Private DICOM tags are **inherently undocumented by design** — the standard
deliberately leaves the `(gggg, xxxx, creator)` space to vendors, who are under
no obligation to publish or stabilise their tag definitions. Even official
conformance statements vary across product versions, may contradict each other,
and sometimes document tags that were quietly dropped or repurposed in later
firmware. This registry is a **best-effort compilation for non-critical
use cases** — it can help you understand what you're looking at in a DICOM file,
but it should **not** be the basis for clinical decisions, automated
de-identification, or any application where a wrong VR or stale name would cause
harm.

> **Notice:** The private tag data in this repository is extracted by automated
> parsing of vendor-published conformance statement PDFs. It is **not** an
> authoritative standard and comes with no warranty of completeness or accuracy.

**Sources:**
- Public tags: DICOM Standard Part 6 (PS3.6) via the
  [Innolitics JSON export](https://github.com/innolitics/dicom-standard).
- Private tags: 1,840 conformance statement PDFs from GE HealthCare, Siemens
  Healthineers, Philips Healthcare, Canon Medical, and Acuson (Siemens ultrasound).
  GE, Siemens, and Philips PDFs are archived at
  [archive.org/details/dicom-conformance-ge](https://archive.org/details/dicom-conformance-ge),
  [archive.org/details/dicom-conformance-siemens](https://archive.org/details/dicom-conformance-siemens), and
  [archive.org/details/dicom-conformance-philips](https://archive.org/details/dicom-conformance-philips).
  Canon PDFs are fetched directly from
  [global.medical.canon](https://global.medical.canon/service-support/Interoperability)
  and archived at
  [archive.org/details/dicom-conformance-canon](https://archive.org/details/dicom-conformance-canon).
  Acuson PDFs are fetched directly from the Siemens Healthineers product page.
  Original vendor source URLs are in `data/sources.json`.
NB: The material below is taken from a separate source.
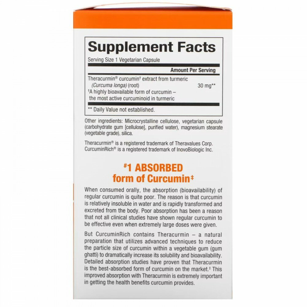 При производстве натурального препарата Theracurmin, который содержится в составе CurcuminRich, используются передовые методы уменьшения размера частиц куркумина в растительной камеди (камедь гхатти), что значительно увеличивает его растворимость и биодоступность. Подробные исследования усвояемости доказали, что Theracurmin является самой лучшей по усвояемости формой куркумина на рынке‡. Улучшенная усвояемость за счет Theracurmin чрезвычайно важна для получения организмом всех полезных свойств куркумина.

Each private tag record carries a `sources` field listing the specific PDF
file(s) (with page number anchors) that the definition was scraped from. This
is exposed at runtime via the lookup API — `TagView::sources()` in Rust and the
`"sources"` key in the Python dict — so you can always trace a tag back to the
document it came from.

**Known limitations:**
- Only PDFs in which the vendor explicitly tabulates private tag dictionaries
  are harvested (~21% of the corpus). Many conformance statements describe
  service classes but do not enumerate private tags — these are not gaps in our
  extraction, they simply contain nothing to extract.
- Some widely-used private tags (e.g. `(0019,100a)` `NumberOfImagesInMosaic`
  for Siemens MRI mosaics) were established by community reverse-engineering
  and do not appear in official conformance PDFs. They are absent from this
  registry.
- Where the same (group, element, creator) appears in multiple PDFs with
  conflicting VR types, the majority vote wins; the `vr_inferred` flag marks
  the small number of cases where no majority existed.
- Cross-referenced against [pydicom](https://github.com/pydicom/pydicom)'s
  private dictionary for validation; some VR values were backfilled or corrected
  where pydicom had higher-confidence data.
- Multi-vendor products (e.g. the Siemens/GE joint AdvantageSim RT planning
  system) can cause the same tag to appear in conformance PDFs from more than
  one vendor. The `vendors` field reflects all vendors whose documents reference
  a tag, not necessarily the vendor that originally defined it.

## Status and roadmap

See [ROADMAP.md](ROADMAP.md) for current state and planned work, and
[DEVELOPMENT.md](DEVELOPMENT.md) for the binary format spec and contributor
guide.

## License

| What | License |
|------|---------|
| Source code (`compiler/`, `dicom-map/`, `dicom-map-py/`, `dicom-map-ffi/`, `scraper/`) | Apache-2.0 |
| Original compiled data (entries in `tags.csv` / `tags.dmap` whose `sources` field references a PDF) | CC0 1.0 (public domain) |
| pydicom / GDCM-derived entries (`sources = ["pydicom"]`) | MIT (pydicom) + BSD-3-Clause (GDCM) — see `THIRD_PARTY_LICENSES.md` |

Full texts: [LICENSE](LICENSE) (Apache-2.0), [LICENSE-DATA](LICENSE-DATA) (CC0 1.0), [THIRD_PARTY_LICENSES.md](THIRD_PARTY_LICENSES.md).